By Eric Wilkins, Staff Writer
Children’s birthday parties, for all intents and purposes, are maelstroms of chaos. Screaming boys and girls whirl about the room, reaching disturbingly-high decibel levels. It’s not a pretty sight, especially for the unfortunate chaperones. For the longest time, sugar has shouldered the blame for kids’ hyper behaviour, but facts seem to indicate that it shouldn’t.
Studies over the years have revealed that there is no discernible difference in children’s behaviour whether they are given sugar or not; this isn’t new knowledge either, since a conclusive review was released in 1996. Numerous double-blind trials involving various forms of the alleged hyperactivity-inducing substance have been performed and all come up with the same result. In a 1994 study, 35 boys between the ages of five and seven (and thought by their mothers to be “sugar sensitive”) were split into two groups. Both groups would receive a placebo. The mothers of the experimental group, however, were informed that their children had taken a sizeable amount of sugar. The end result was that the experimental group mothers were far more critical of their children than the control group.

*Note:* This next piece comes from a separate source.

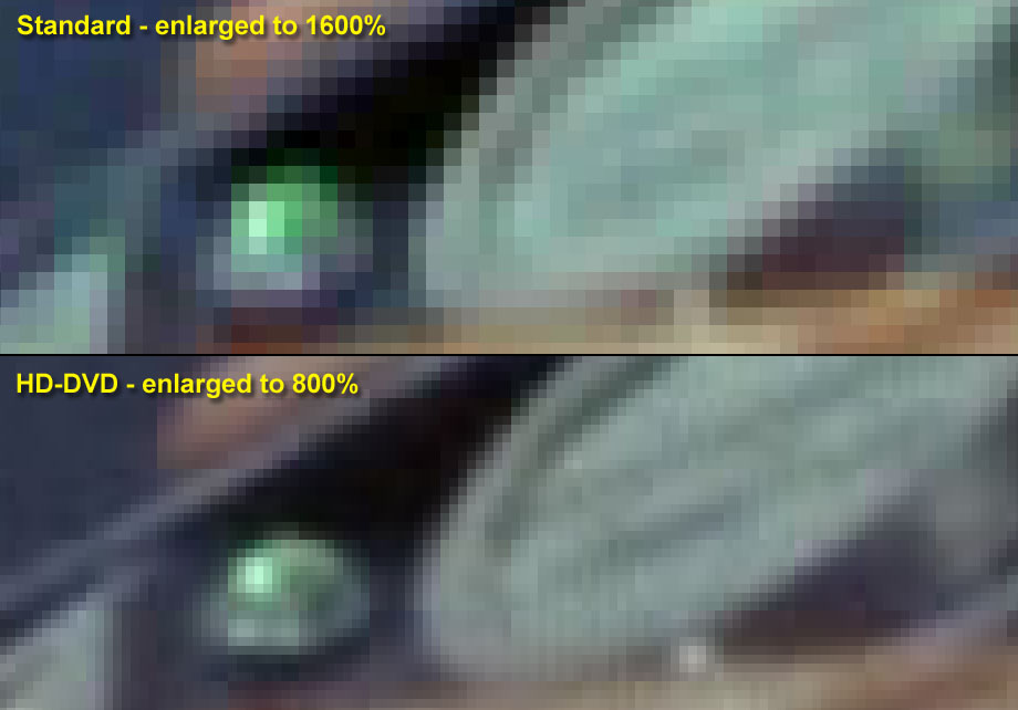 We've also seen the "maximum" that can be obtained with high definition compared to standard DVD. Simply put, when it comes to resolution, or the amount of raw data contained, there is no comparison... high def blows away standard. By how much? For every one pixel on Standard, HD delivers 4.5. That is nearly half a magnitude improvement! When astronomers get that kind of step up from a new telescope, they discover galaxies. Let's talk basics. Standard DVDs save their data as 720 pixels wide by 480 high per frame (below left). That's all you get; 345,600 "native" pixels. This format is called 480p; 480 for the height and the "p" for Progressive scan, simply meaning each line is refreshed after the last one (the other kind is "i" for Interlaced, where every other line is refreshed like in older TVs). However, since that native image has an aspect ratio (width / height) of 3:2 and a TV set has an aspect ratio of 4:3, a Standard DVD image has to be stretched vertically to be reconstituted into its proper shape, which is 720 wide by 560 high. Your DVD player will automatically do this, but no extra data is created (below right): To contrast, BluRay frames (stored in 1080p format) are 1960 pixels wide x 1080 high. That makes for a whopping 2,116,800 pixels. But that is for wide-screen movies. Again because TV is at a 4:3 ratio, BluRay cannot make use of the full width, so it only gives you 1440 pixels (1080 divided by 3 times 4). The unused portions end up as black bands to the left and right. That makes each frame of a classic Star Trek episode displayed at a still-impressive 1,555,200 pixels. As said before, that is exactly four and a half times more than Standard. Below are portions of the same frames from Miri illustrating just how much additional detail is now available to us. Note at a minimum here how nearly every antenna hole in the HD version can be made out separately: Enlarging a portion of each reveals the true detail we want... plus the undesirable artifacts from the digital compression used to reduce the file size on the disc: Wow! That sort of says it all. We hope for a few nice discoveries as all the episodes get explored in high definition. |

From these results, one can draw the conclusion that when we perceive children to be hyper, that’s all that’s happening; we perceive them as such. If you truly believe something is going to happen or be a certain way, then of course you’ll see it as so.

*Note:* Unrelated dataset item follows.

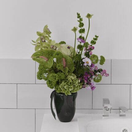 Букет в зелено-розовых оттенках. В составе: антуриум, гортензия, цимбидиум, орнитогалум, вибурнум и малюцелла. Букет перевязан декоративными лентами. С букетом вы

So what makes kids hyper then? Take a look at an event when children most commonly go on a sugar binge: a birthday party. There’s a crowd of youths all in one place and it’s an exciting atmosphere. What kid wouldn’t feel a little different? Throw in a few games and it’s no wonder why they’re all bouncing off the walls. One point to note here is that while the sugar may not actually do anything for the children, the caffeine in their pop might. In addition to this, just as parents perceive their children to be hyper, kids can perceive sugar to make them hyper. It works both ways.
Of course, this doesn’t mean it’s alright for parents to let their offspring munch on chocolate bars 24/7, but just remember that any behavioural changes aren’t really due to sumptuous sweets.